Two important new buildings opened in DC this September, the National Museum of African American History and Culture and the Trump International Hotel. In its own way, each building provokes us to consider the goals of our actions. One stands as a reminder to transcend prejudice, showing us how far we can fall from a Heavenly standard. The other serves up a standard of luxury that is heavenly for well-heeled guests from a proprietor who offers his own temporal standards of behavior. Each building demonstrates how far we can deviate from God-inspired ideals.

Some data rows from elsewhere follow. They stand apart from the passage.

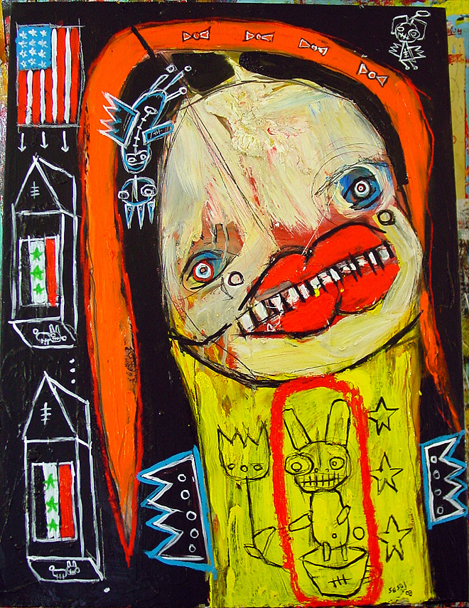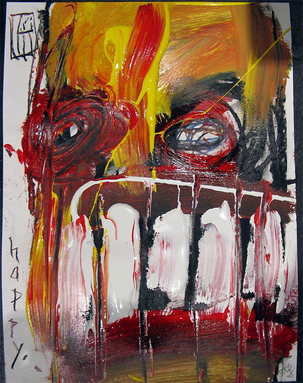 "happy1" 9" x 12" acrylic/oil on bristol paper $70 created for the play "all you can eat" in san francisco, september 2008 |
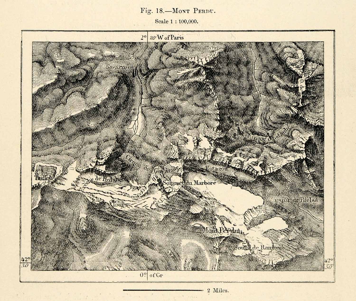 This is an original 1882 monochrome relief line-block map of "Mont Perdu."
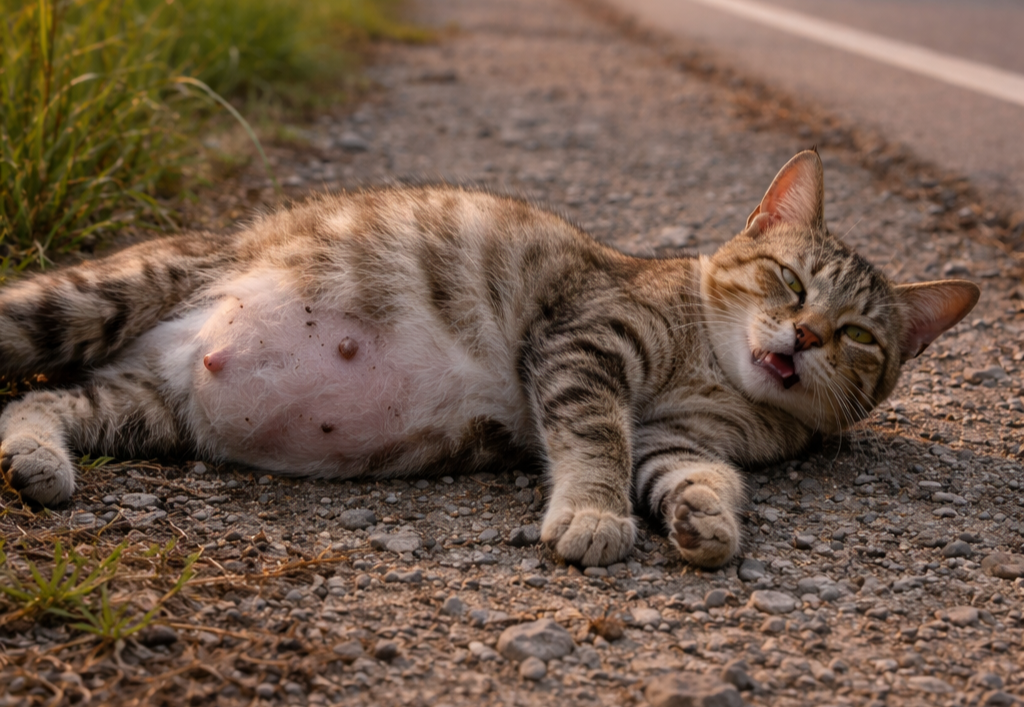A Heartbreaking Situation In a world often overshadowed by distress and neglect, a harrowing scene unfolded beside a rural road. A mother cat had become
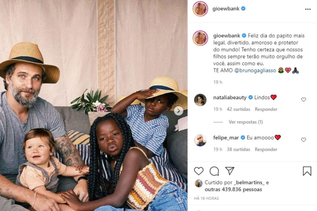Giovanna Ewbank usou as redes sociais no último domingo, 8 de agosto, para comemorar o Dia dos Pais com uma declaração super especial para o marido, Bruno Gagliasso. Para fazer a homenagem, a apresentadora compartilhou uma foto do marido junto com os filhos do casal, Titi, Bless e Zyan.
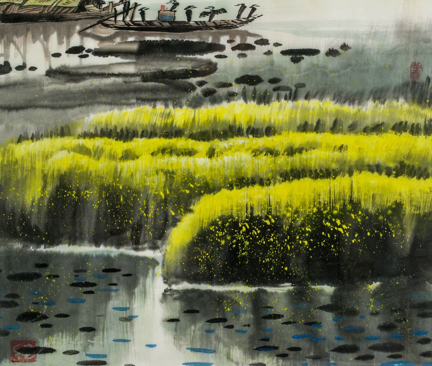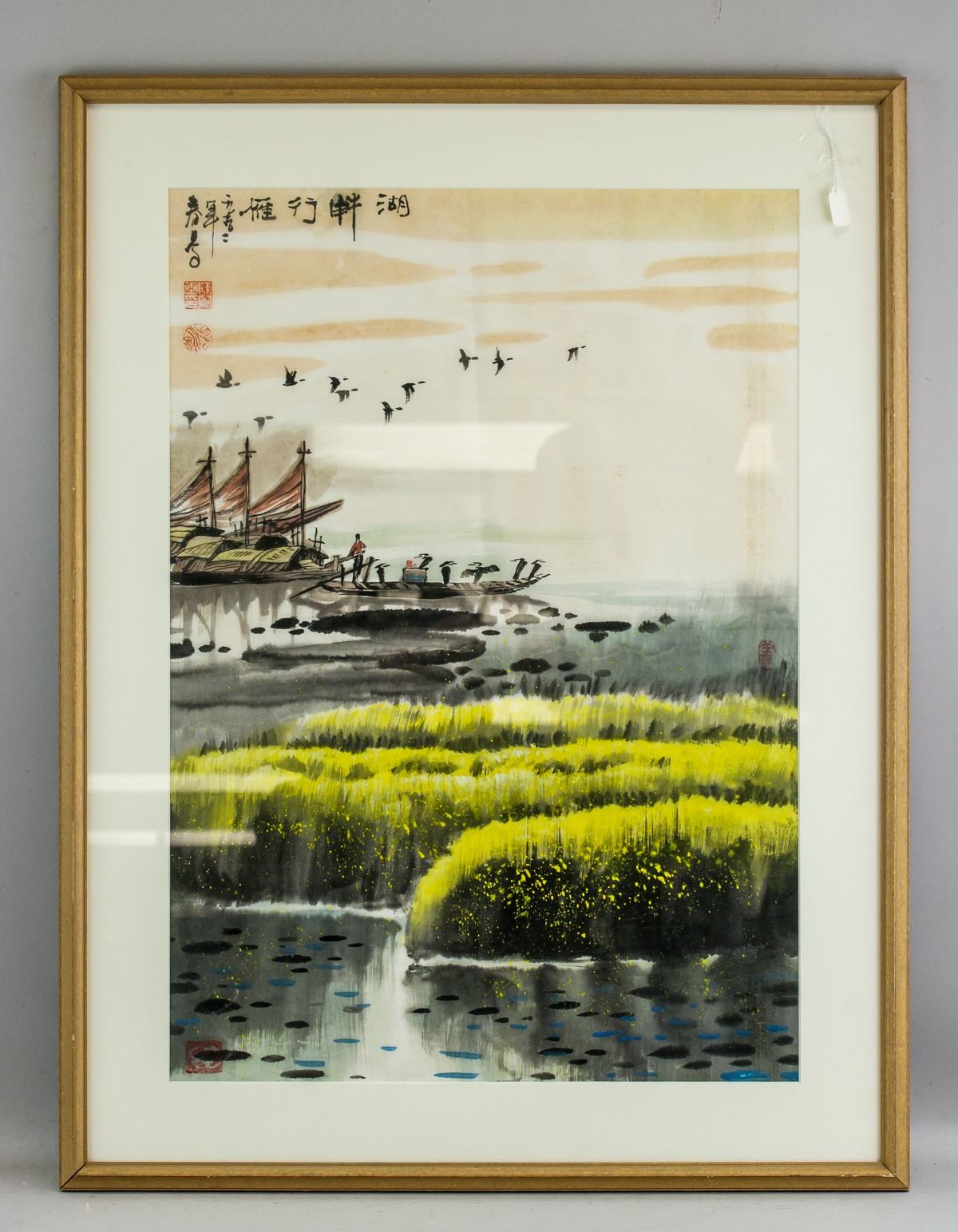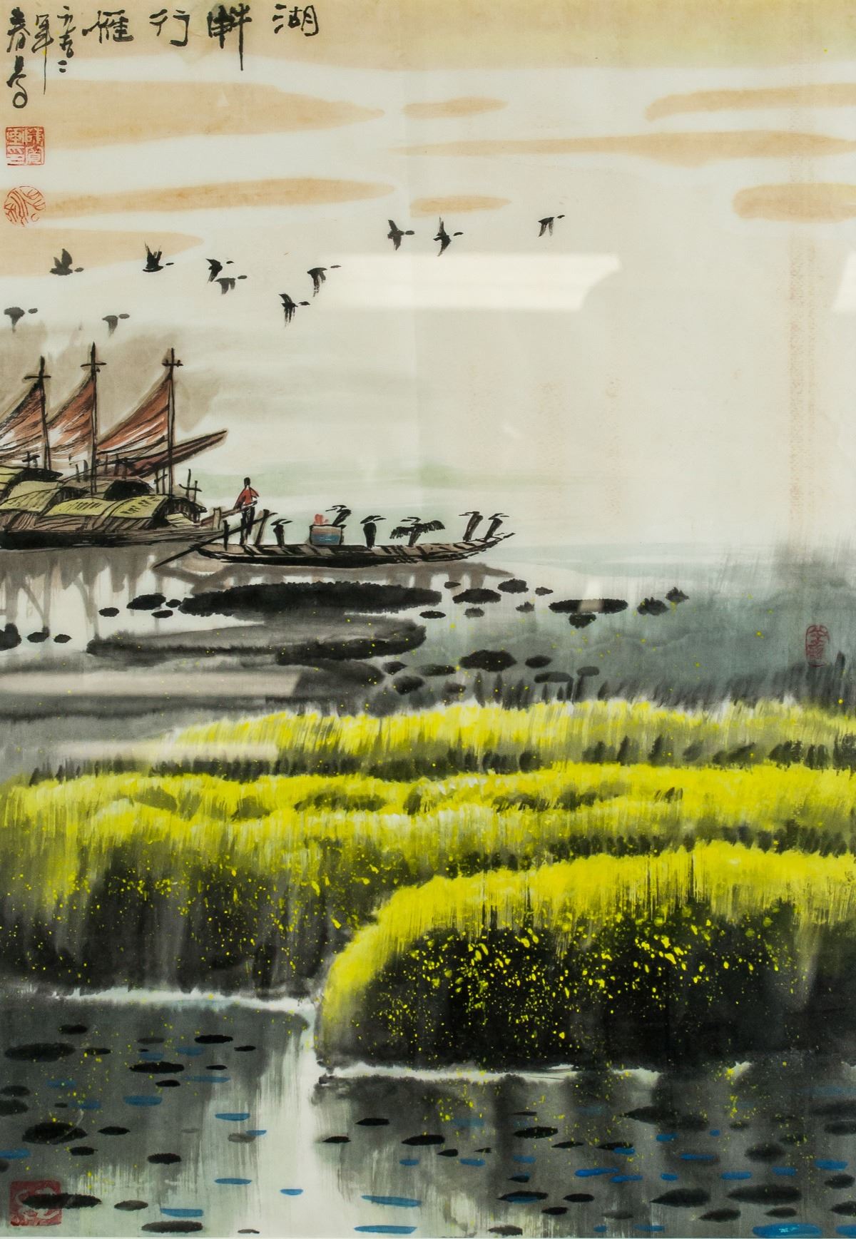 Watercolor on paper, framed. Featuring a landscape scene. Signed Chen Kuan, Chinese contemporary artist, inscribed with 3 artist seals. 63.5 x 45.5 cm (25 x 17.9 inches). Frame size: 81 x 61 cm (31.9 x 24.0 inches)

Thinking about edifices as reminders, we could say that Jews have the Torah as a construction code. The instructions of the fifth book, Deuteronomy, read this time of year, serve as a blueprint to build a better world. Each individual is zoned for goodness as mapped out by the Creator. These Yamim Noraim, days of awe, are a chance to go before the review board. We renovate our spiritual real estate - gauge our actions, re-engineer our approach and open the doors of our souls to behavior inspired by Heaven. We even place mezuzas, like construction permits, on the doorposts of our buildings.
Detailed instructions are prominently etched in our memories by Torah: care for the widow and orphan, leave something for the poor, treat your neighbor just as you would want to be treated. Torah even teaches us to build a parapet around our roof so no one falls off. The rules and regulations, we call mitzvoth, are not lofty ideals but daily practices to be observed.

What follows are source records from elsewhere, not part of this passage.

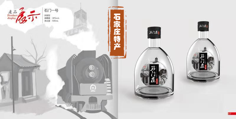 石門莊一號設計來源于未來在規劃中的石家莊一號地標——中央商務區,而二號分為500ml裝和250ml裝兩款產品,做最有情懷的小酒。
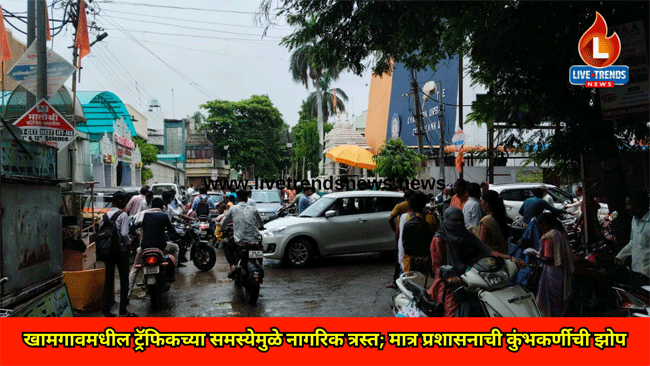कारण ज्या भागात अशा घटना घडतात वारंवार ट्रॅफिक जाम होतात विशेषतः शाळा कॉलेज सरकारी कार्यालय असता तिथे कायमस्वरूपी कठोर उपाययोजना करणे गरजेचे आहे. पण जोपर्यंत एखादी अप्रिय घटना घडत नाही कायदा व सुव्यवस्थाचा प्रश्न निर्माण होत नाही, तोपर्यंत संबंधित विभागाने यात हस्तक्षेप करावा नाही का हा देखील एक प्रश्न उभा राहतो पण आज पुन्हा तोच प्रसंग लाईव्ह ट्रेंडस न्युज कॅमेराने खामगाव शहरातील नॅशनल हायस्कूल जवळ चौकामध्ये टिपला. वेळ दुपारी १ वाजता होती. अक्षरशः एखाद्या मेट्रो शहरांमध्ये जसं ट्रॅफिक जाम होते तसं खामगाव शहरात एका मध्यभागी चौकात अशी घटना वारंवार घडतात काही वेळ याची दखल घेतल्या जाते व पुन्हा तेच चित्र वारंवार पाहायला मिळते यावर कायमस्वरूपी तोडगा निघणे गरजेचे आहे.
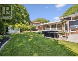 Welcome to 1059 Marley Crescent nestled in a family-friendly enclave in southwest Aldershot. Tucked on a quiet crescent, perfect for kids to walk to school, parks & bike the nearby trails. Easy access and commute to all major highways to Niagara, Hamilton or Toronto. Minutes to the RBG, community centre, GO Station & downtown Burlingtons boutique shops, cafes & restaurants. Pride of ownership shines throughout this fully renovated 4-level side split, featuring a single-car garage, an oversized double drive with space for 4 vehicle and bonus parking for a trailer or boat. Major upgrades invested in this open-concept main level with a white quartz kitchen, stainless appliances and a large island flowing into the living/dining area. Rustic beams, custom woodwork, diagonal luxury vinyl floors, LED pot lights, new trim, stainless/wood railing, fresh paint, built-ins & plush new carpet add warmth & style. Family room features two lookout windows & a cozy gas fireplace. A convenient 4th bedroom with ensuite access to the newly renovated 3-piece bath completes the third level. The basement offers spacious rec room with wall-to-wall closets, electric fireplace, striking feature wall & a den ideal for a home office. Other features: hot tub, above ground pool, fireplace, in-ground sprinklers. Exterior painted. Renovated, impeccably maintained & tucked into a serene, cedar-lined setting. (id:61594)
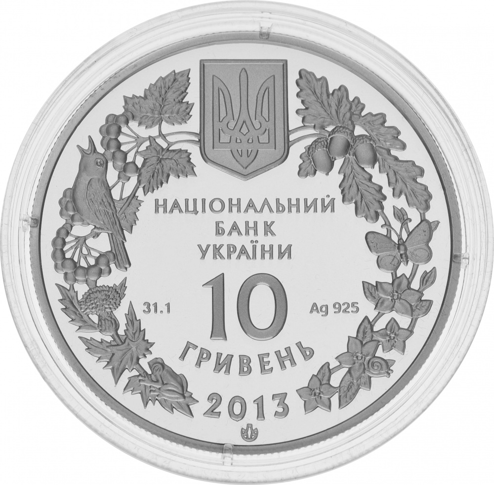 На аверсі монети в обрамленні вінка, утвореного із зображень окремих видів флори і фауни, розміщено малий Державний Герб України та написи: на монеті зі срібла - НАЦІОНАЛЬНИЙ/ БАНК/ УКРАЇНИ/ 10/ ГРИВЕНЬ/ 2013, а також позначення металу та його проби - Ag 925, маса в чистоті - 31,1, та логотип Монетного двору Національного банку України.

In parashat Nitzvaim, which we read this week before Rosh Hashanah, God states that these instructions are for us to actuate. It is not only in Heaven for deeds of loving-kindness to be performed. It is not across the sea for others to follow this moral path. We are not to rely on others, no less heavenly intercessors, to improve this world. Rather, it is in our hands to build this world from love. Each of us is employed as a construction worker on this project .

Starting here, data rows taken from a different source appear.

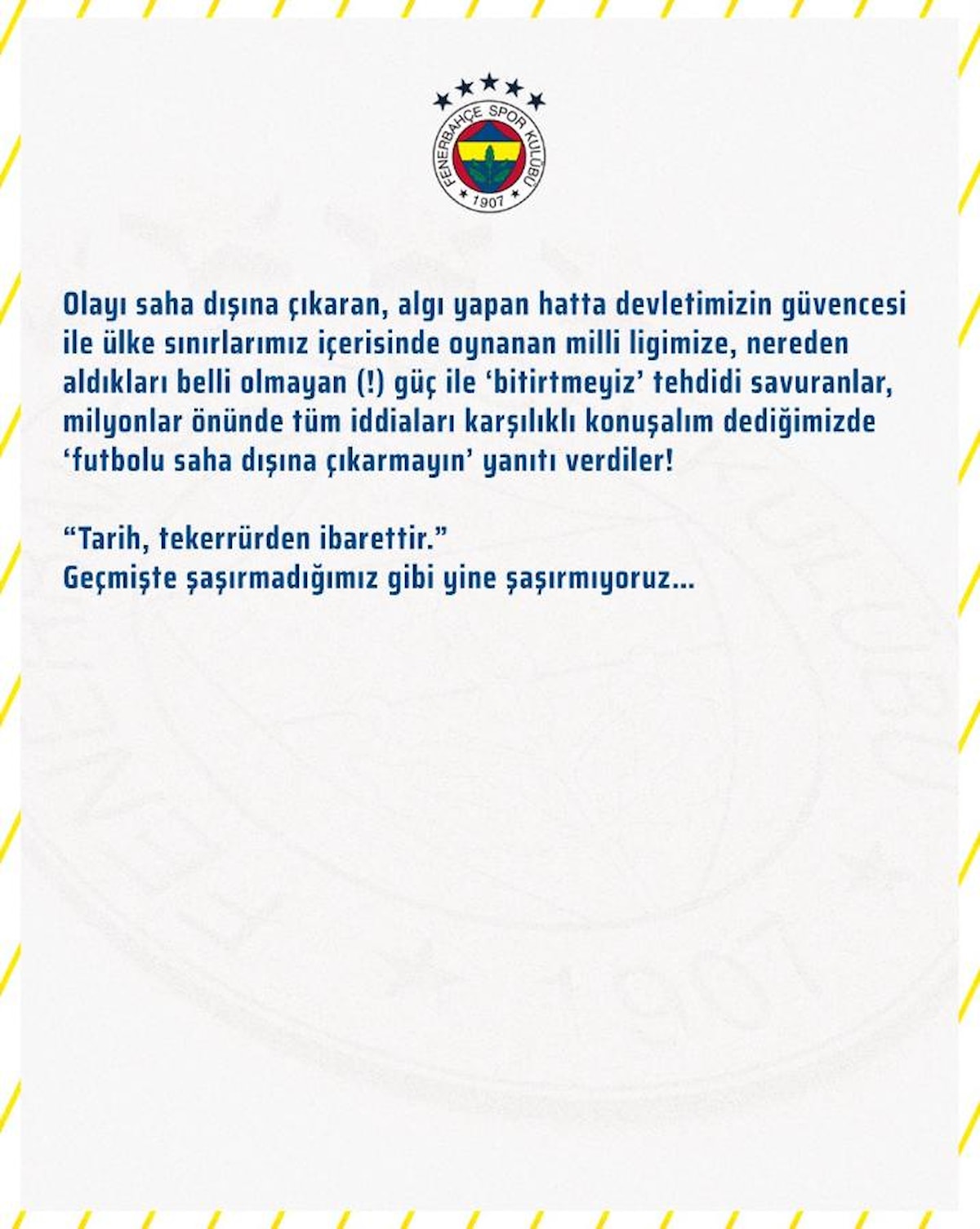 "Olayı saha dışına çıkaran, algı yapan hatta devletimizin güvencesi ile ülke sınırlarımız içerisinde oynanan milli ligimize, nereden aldıkları belli olmayan (!) güç ile ‘bitirtmeyiz’ tehdidi savuranlar, milyonlar önünde tüm iddiaları karşılıklı konuşalım dediğimizde ‘futbolu saha dışına çıkartmayın’ yanıtı verdiler! 'Tarih tekerrürden ibarettir.' Geçmişte şaşırmadığımız gibi yine şaşırmıyoruz”
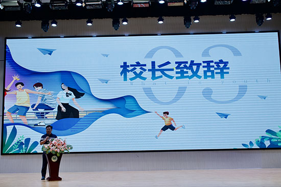 校長呂富登臺致辭。他回顧了學校發展歷程和同學們在校的點滴成長,講述了優秀學長學姐的求學故事,鼓勵大家以成年為新起點,樹立遠大理想,追隨榜樣腳步,在知識的道路上砥礪前行,用實際行動書寫屬于自己的青春故事。
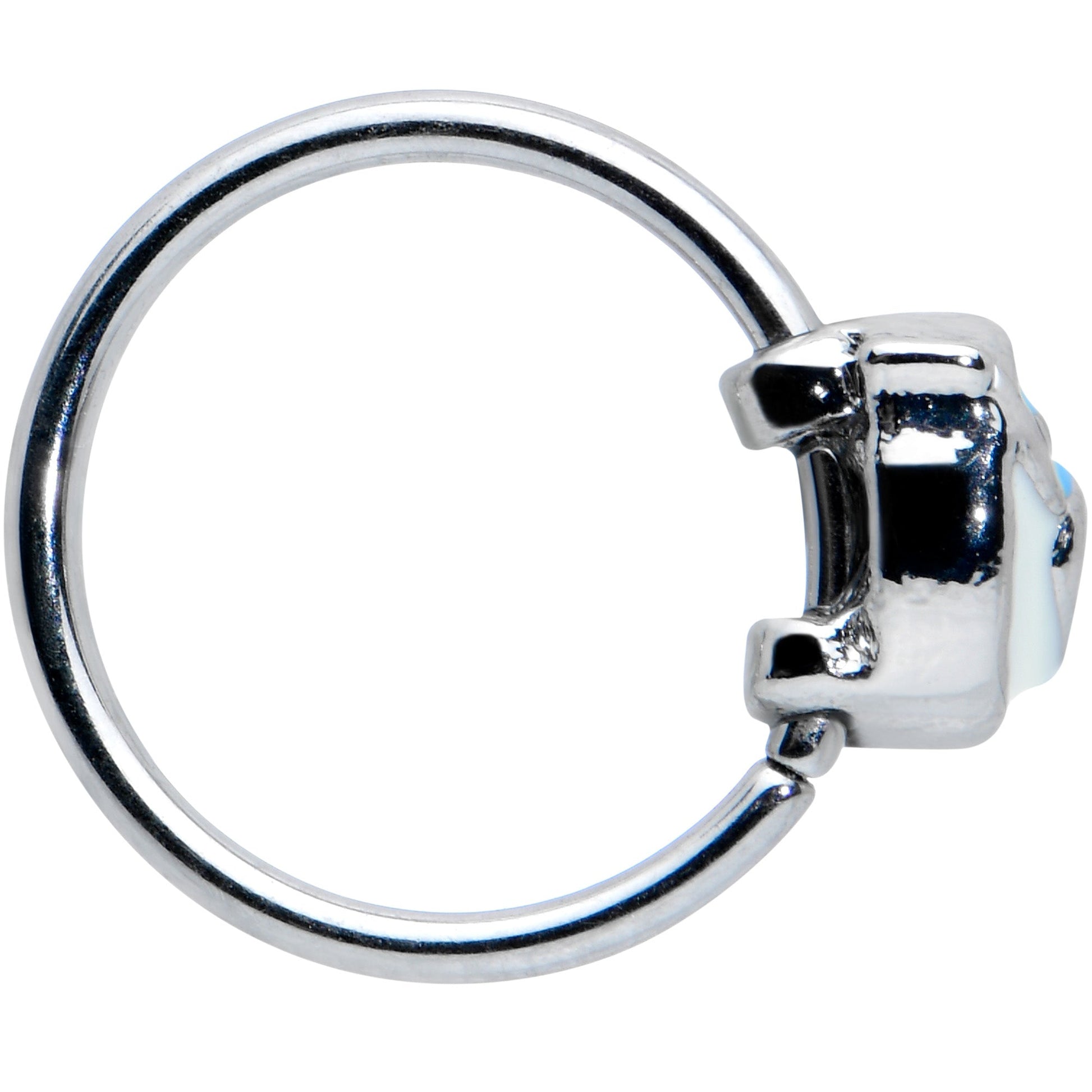 This bluebird of happiness is sure to bring you joy when you're rocking this 20 gauge nostril ring! It's made with an 8mm durable 316L surgical grade stainless steel circular ring. It features a blue bird charm, with a white belly for colorful contrast. It's further embellished with darker blue on the wing for a look of depth. This bluebird can't help but bring joy to your look when it's perched in your nose piercing!Specifications

We must learn to activate the words of Torah with boundless humanity and earth saving actions. There is no limit to the goodness we can each bring to the world if inspired by a Heavenly standard. A world that has transcended prejudice and ended all slavery. A world that values honesty, integrity, and charity along with comfort and freedom.
As a rabbi in this paradigm, I get to serve as spiritual property inspector. My question for you is what will you do to construct Heaven right here on this earth? Start with your own soul renovation project and please start today.